[What is expected]:
Only the lines below starting at the one containing "Sarang hamster tidur" and ending at the one containing "The Great Pond Snails" belong in the answer, each copied exactly.

*** Opening of Entries supplied ***

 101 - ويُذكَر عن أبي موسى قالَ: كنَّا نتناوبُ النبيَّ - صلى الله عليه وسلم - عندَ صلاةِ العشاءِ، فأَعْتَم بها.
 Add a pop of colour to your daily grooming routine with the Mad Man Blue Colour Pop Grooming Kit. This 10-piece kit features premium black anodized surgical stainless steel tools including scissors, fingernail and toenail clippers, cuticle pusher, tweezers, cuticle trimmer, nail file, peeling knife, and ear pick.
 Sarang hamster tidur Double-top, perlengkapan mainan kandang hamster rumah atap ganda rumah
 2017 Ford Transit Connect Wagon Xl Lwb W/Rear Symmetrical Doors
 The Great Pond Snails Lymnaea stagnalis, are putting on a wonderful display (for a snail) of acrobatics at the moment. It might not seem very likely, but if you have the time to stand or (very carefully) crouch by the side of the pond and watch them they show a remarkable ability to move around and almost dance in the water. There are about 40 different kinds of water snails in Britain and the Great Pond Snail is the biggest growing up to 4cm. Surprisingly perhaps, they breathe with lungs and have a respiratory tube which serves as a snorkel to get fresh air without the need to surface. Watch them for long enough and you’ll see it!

*** Close of Entries supplied ***
*** Opening of Entries supplied ***

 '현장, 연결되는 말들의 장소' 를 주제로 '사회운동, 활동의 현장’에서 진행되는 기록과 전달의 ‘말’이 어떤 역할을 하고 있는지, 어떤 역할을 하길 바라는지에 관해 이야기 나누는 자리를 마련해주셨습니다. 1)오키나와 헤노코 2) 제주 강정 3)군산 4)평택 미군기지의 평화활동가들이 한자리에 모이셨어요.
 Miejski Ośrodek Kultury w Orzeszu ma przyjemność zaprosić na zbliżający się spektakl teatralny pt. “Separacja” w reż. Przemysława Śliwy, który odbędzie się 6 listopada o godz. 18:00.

*** Close of Entries supplied ***
*** Opening of Entries supplied ***

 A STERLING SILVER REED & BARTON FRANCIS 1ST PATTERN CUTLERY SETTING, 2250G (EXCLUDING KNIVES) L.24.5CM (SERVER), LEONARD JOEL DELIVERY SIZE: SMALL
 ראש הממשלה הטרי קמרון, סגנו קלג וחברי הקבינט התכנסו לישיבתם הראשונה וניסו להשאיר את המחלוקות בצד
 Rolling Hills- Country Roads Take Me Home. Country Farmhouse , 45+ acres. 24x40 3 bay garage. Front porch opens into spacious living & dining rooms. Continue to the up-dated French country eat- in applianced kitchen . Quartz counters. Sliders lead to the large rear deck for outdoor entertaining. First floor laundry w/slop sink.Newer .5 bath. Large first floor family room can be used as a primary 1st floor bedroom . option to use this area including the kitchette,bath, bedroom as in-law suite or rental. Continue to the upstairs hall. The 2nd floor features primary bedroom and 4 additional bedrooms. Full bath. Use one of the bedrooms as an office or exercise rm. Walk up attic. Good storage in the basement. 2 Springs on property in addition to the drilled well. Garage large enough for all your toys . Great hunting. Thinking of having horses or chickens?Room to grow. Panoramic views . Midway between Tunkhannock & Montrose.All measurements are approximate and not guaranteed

*** Close of Entries supplied ***

[Your solution]:
 Sarang hamster tidur Double-top, perlengkapan mainan kandang hamster rumah atap ganda rumah
 2017 Ford Transit Connect Wagon Xl Lwb W/Rear Symmetrical Doors
 The Great Pond Snails Lymnaea stagnalis, are putting on a wonderful display (for a snail) of acrobatics at the moment. It might not seem very likely, but if you have the time to stand or (very carefully) crouch by the side of the pond and watch them they show a remarkable ability to move around and almost dance in the water. There are about 40 different kinds of water snails in Britain and the Great Pond Snail is the biggest growing up to 4cm. Surprisingly perhaps, they breathe with lungs and have a respiratory tube which serves as a snorkel to get fresh air without the need to surface. Watch them for long enough and you’ll see it!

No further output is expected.